JuyiLin · November 8, 2022, 3:58pm

I want to share some NamedTuple (such as mytuple) between different rank. The following codes is possible?

    tcpstore = dist.TCPStore(MASTER_ADDR,  MASTER_PORT, world_size,
                             MASTER_ADDR == LOCAL_ADDR)
    dist.init_process_group('nccl', store= tcpstore, rank=rank, world_size=world_size)
    if rank == 0:
        store.set("my1", mytuple)
    else:
        id = store.get("my1",mytuple)

I have read the
How to store embeddings from different ranks in DistributedDataParallel mode? - #4 by mrshenli . But I want to know if I have 8GPU, how could I init and pass 8 simplequeue?
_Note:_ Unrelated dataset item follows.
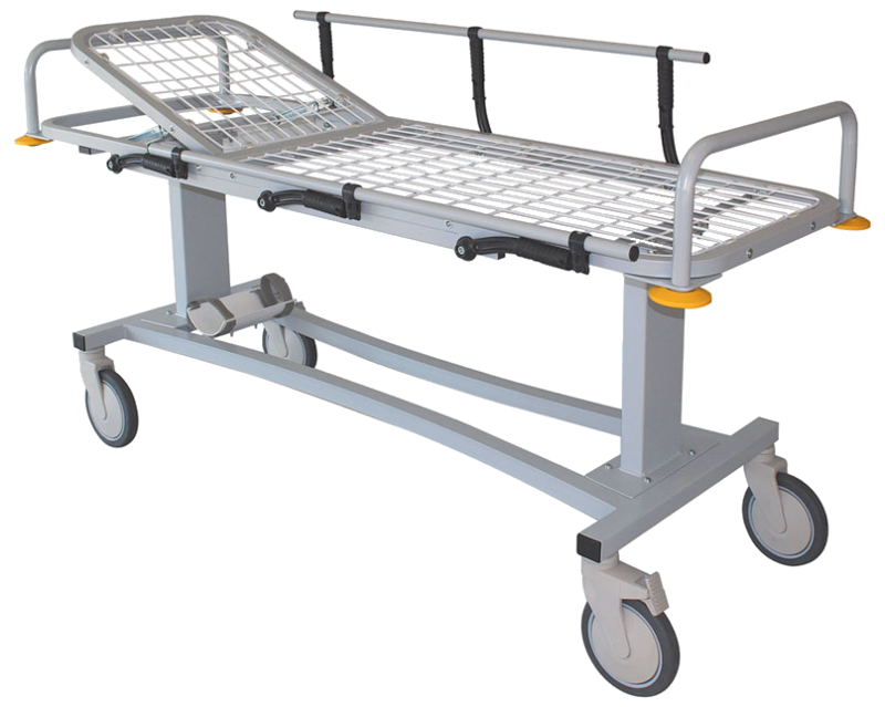 La camilla rodante tiene un reposacabezas ajustable y barandillas laterales plegables para mayor seguridad en los desplazamientos. También incorpora un práctico soporte para bombonas de oxígeno que facilita el acceso al tratamiento durante el transporte. Gracias a su camilla extraíble, puede utilizarse de diversas formas, en función de las necesidades del departamento.

wanchaol · November 8, 2022, 8:13pm

@JuyiLin could you share more about your motivation? dist.Store is only intended to be used by process group init, it’s not exposing to public arbitrary usage, it might work out of box for some cases, but it’s not guaranteed.

Specifically if you want to share tuple of tensors, you can dist.broadcast each tensor to each rank

JuyiLin · November 8, 2022, 8:27pm

Thank you for your time! I have tried to use dist.scatter_object_list, but it failed. Could you have a look?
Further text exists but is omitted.